[EXERCISE INPUT — start]

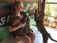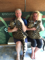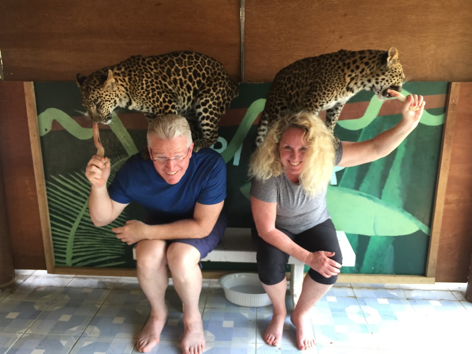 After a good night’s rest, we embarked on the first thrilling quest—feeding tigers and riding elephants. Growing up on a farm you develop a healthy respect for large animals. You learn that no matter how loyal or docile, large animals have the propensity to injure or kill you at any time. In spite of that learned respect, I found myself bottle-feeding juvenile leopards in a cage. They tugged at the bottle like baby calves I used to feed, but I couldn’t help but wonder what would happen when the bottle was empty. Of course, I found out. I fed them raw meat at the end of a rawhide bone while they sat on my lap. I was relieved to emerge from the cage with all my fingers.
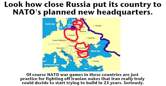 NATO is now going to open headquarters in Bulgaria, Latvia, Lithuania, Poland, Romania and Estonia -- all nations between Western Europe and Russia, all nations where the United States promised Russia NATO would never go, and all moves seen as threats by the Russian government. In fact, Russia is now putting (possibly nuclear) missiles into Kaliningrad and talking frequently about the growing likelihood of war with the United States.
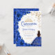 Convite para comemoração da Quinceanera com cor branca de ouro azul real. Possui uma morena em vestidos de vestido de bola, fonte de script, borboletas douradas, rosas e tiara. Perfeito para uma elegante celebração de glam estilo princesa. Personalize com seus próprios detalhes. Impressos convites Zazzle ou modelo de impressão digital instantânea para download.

[EXERCISE INPUT — finish]
[EXERCISE INPUT — start]

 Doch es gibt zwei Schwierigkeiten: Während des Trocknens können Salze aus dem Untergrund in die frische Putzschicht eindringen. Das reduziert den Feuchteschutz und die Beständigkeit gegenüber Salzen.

[EXERCISE INPUT — finish]
[EXERCISE INPUT — start]

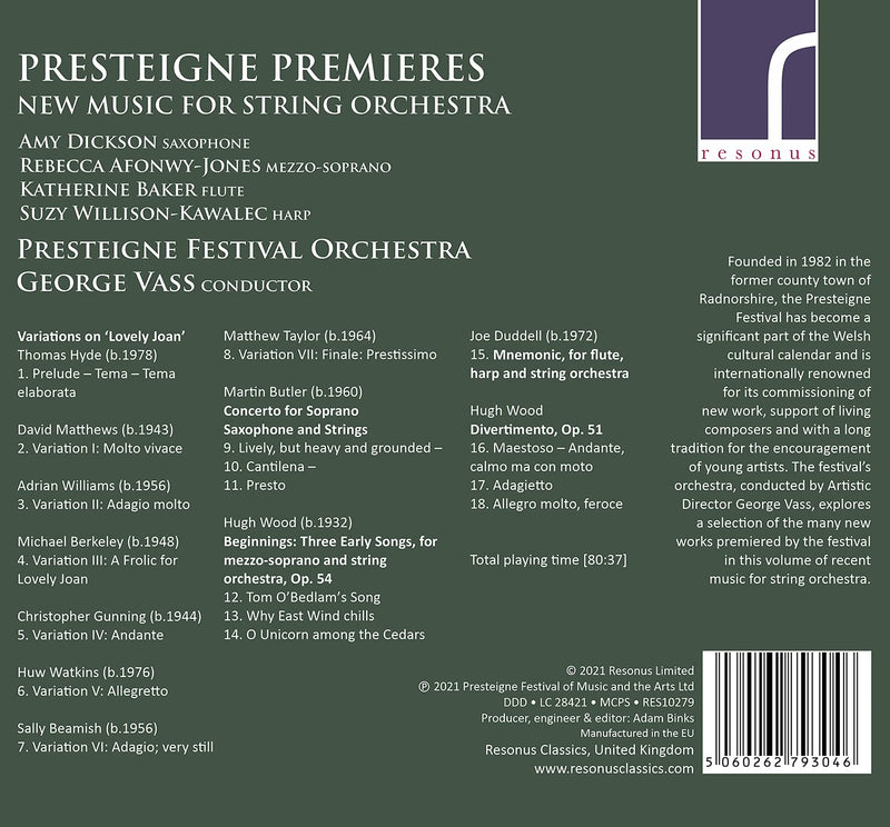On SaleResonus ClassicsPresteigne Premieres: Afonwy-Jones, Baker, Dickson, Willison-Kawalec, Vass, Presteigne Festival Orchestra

[EXERCISE INPUT — finish]

**WHAT THIS TASK INVOLVES:**
Output only the stretch above from the line with "After a good" through the line with "Convite para comemoração", reproduced exactly. Exclude pictures.

**RESULT:**
 After a good night’s rest, we embarked on the first thrilling quest—feeding tigers and riding elephants. Growing up on a farm you develop a healthy respect for large animals. You learn that no matter how loyal or docile, large animals have the propensity to injure or kill you at any time. In spite of that learned respect, I found myself bottle-feeding juvenile leopards in a cage. They tugged at the bottle like baby calves I used to feed, but I couldn’t help but wonder what would happen when the bottle was empty. Of course, I found out. I fed them raw meat at the end of a rawhide bone while they sat on my lap. I was relieved to emerge from the cage with all my fingers.
 NATO is now going to open headquarters in Bulgaria, Latvia, Lithuania, Poland, Romania and Estonia -- all nations between Western Europe and Russia, all nations where the United States promised Russia NATO would never go, and all moves seen as threats by the Russian government. In fact, Russia is now putting (possibly nuclear) missiles into Kaliningrad and talking frequently about the growing likelihood of war with the United States.
 Convite para comemoração da Quinceanera com cor branca de ouro azul real. Possui uma morena em vestidos de vestido de bola, fonte de script, borboletas douradas, rosas e tiara. Perfeito para uma elegante celebração de glam estilo princesa. Personalize com seus próprios detalhes. Impressos convites Zazzle ou modelo de impressão digital instantânea para download.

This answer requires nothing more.